東京堂から1961年に出版された「明治大正文学研究 特集 島崎藤村研究」から藤井義明氏による“「春」と「家」”は島崎藤村が書いた「春」と「家」についての解説です。以下、『』内の文章は左記の論文からの引用となります。また、掲載にあたって、全て現代語訳しております。島崎藤村の研究の一助になれば幸いです。

「春」と「家」

      藤井義明
 
 「春」は明治四十一年四月から東京朝日新聞に連載せられ、さらに多少の書きなおしが加えられて同年十月緑陰叢書第二篇として単行本になったものである。このとき藤村は三十七才、浅草新片町に居を移して三年目に当り、所謂小諸の山をおりてから四年目にあたる。
 「春」という作品は「破戒」に次ぐ第二の長篇小説であり、「破戒」が第一回の長篇小説として成功したために作られた作品ともいえようが、「破戒」と比較してみるとき、そこに大きな相違点があり、また「破戒」と比較してみることによって、この作品の創作手法や価値がほぼ分るように思われる。
 そこで、「破戒」と相違する点と共通する点とを挙げて、それを検討してみると、先ず「破戒」との相違点は大きくいって次の三点が考えられる。
 
 一、「破戒」は部落民という特殊階級を問題としたいわば社会悪暴露というべき一種の問題小説であるが、「春」にはそのような問題小説的なものは見られない。
 二、「破戒」は実在の人物や実際の話をそのまま描いた小説ではなく、作者の空想によって生まれた空想物語である(もとより部落民については作者藤村はよく眼のあたりみてしらべてはいたが)。しかし「春」は事実あったことを材料として書いた写実小説である。
 三、「破戒」は背景の設置や人物の登場のさせ方になかなかの用意が見られ、劇的な構成によって出来上っている小説であるが、「春」は背景にも人物にもさほどの劇的構成は見られず、平板に絵巻物のように描いた小説である。

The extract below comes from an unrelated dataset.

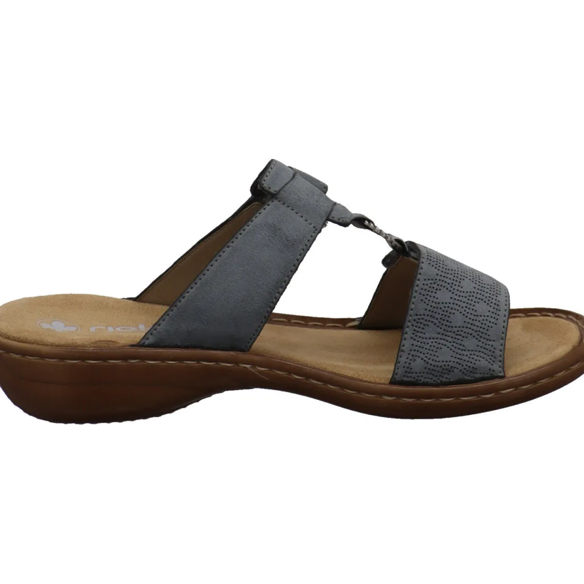 Eine modische Pantolette für den Sommer, ist dieses schöne Modell von Rieker. Sie wurde aus pflegeleichtem Kunstleder in Blau gefertigt. Beide Riemen sind mit einem Klettverschluss versehen, dadurch kommst du bequem in den Schuh und kannst ihn genau auf deine Bedürfnisse anpassen. Sie sind mit einem Metallring stilvoll miteiner verbunden und auf dem vorderen Riemen bilden kleine Lasercuts ein schönes Muster. Die Antistress Innensohle ist angenehm weich. Ein toller Schuh für den Alltag.

 まだまだいろいろ異なる点はあろうが、主なるものとして以上の三点を挙げたい。「破戒」を脱稿したのは明治三十八年であり、緑蔭叢書第一篇として出版せられたのが翌三十九年である。そしてその又翌年の四十年には「春」の準備が着手せられたのである。わずかなこの時の違いによってどうして右のような作品の上野相違点が生まれたのであろうか。これは大変むずかしい問題であるが、私は藤村という人の性格と、その現実生活と、ありのままに人生を見るといった自然主義の態度とによるところが多いものと思う。第一の点については私はこう考える。藤村は孤独な詩人として出発した人であり、元来が大きな社会問題をとりあつかうにふさわしい人ではない。もとより社会問題には独自の意見はもっていて、後に書かれた随筆などにはなかなか参考とすべきことが述べられてはいるが、社会問題を小説にとりあつかって自分の芸術にすることは出来なかった人である。それゆえに「破戒」に示されたような特殊階級についての社会問題などは後の作品にはあらわれてはこなかった。「破戒」がよく自然主義の作品であるといわれるが、これはありのままに人生を見つめるといったような自然主義ではなく、社会悪を暴露してこの世の中を改良にみちびこうといった意味の自然主義と思われるが、藤村はこういった意味の自然主義作家にはなり切れなかったものと思われる。
 第二の相違点の空想物語とそうでない物語ということについては、これも一概にその相違の原因をこれと断定することは出来ないが、その主なる原因として、藤村の執拗にものを見、考える性格と、その体験した現実生活のきびしさと当時起っていたありのままにものを見つめるという自然主義の影響とが考えられる。若い頃にはかなり藤村も空想豊かな人であったと思われるが、一面ものを普通の人以上に深く見るところがあったと考えられる。その体験した現実生活のきびしさというのは、結婚生活の為にやぶれ、長女次女三女を相次いで失い、生活も楽でなかったというようなことであって、それがために藤村の眼は空想の世界を夢見る暇も少なくなって現実へ現実へと向けられていったものと思われる。そこへもってきて事実凝視といった自然主義の影響というものがあって、「破戒」に見られる空想性はなくなっていったものと見られるのである。
 第三の相違点である劇的構成ということは、第二の相違点におのずから関連のあることで、空想の世界は作者の力倆によっていくらでも劇的にそれを描いてゆくことが出来るが、現実の世界は作者が劇的意図をもっていても事実というものの制約を受けるのであるからこれを読者の胸をとどろかせるような劇的小説には表現出来なくなってゆくのでかような相違点が生じてきたのであろう。
 以上述べた「破戒」と「春」の相違点はきわめて重要なものと思われる。何故ならば「春」以後の小説はいずれも「破戒」の創作手法を用いずに「春」の創作手法を用いているからである。即ち春の創作手法によって藤村文学の方向がきめられたと見られるからである。正宗白鳥氏は「文壇人物評論」の中で次のように述べている。

 「破戒」は着想にも文章にも以前の文学に見られない清新なところがあって、相当に面白い小説であるに関わらず、まだ作者が自分の芸術についての方針の定まらない時分のものとなすべきであった。新時代の文学者としての藤村の事業は「春」からはじまると言っていいのである。態度があそこで極った。

 たしかにこの通りであって、藤村は「春」以後「家」「桜の実の熟する時」「新生」「ある女の生涯」「嵐」「分配」そして「夜明け前」と「春」の手法によって創作活動を展開して行った。』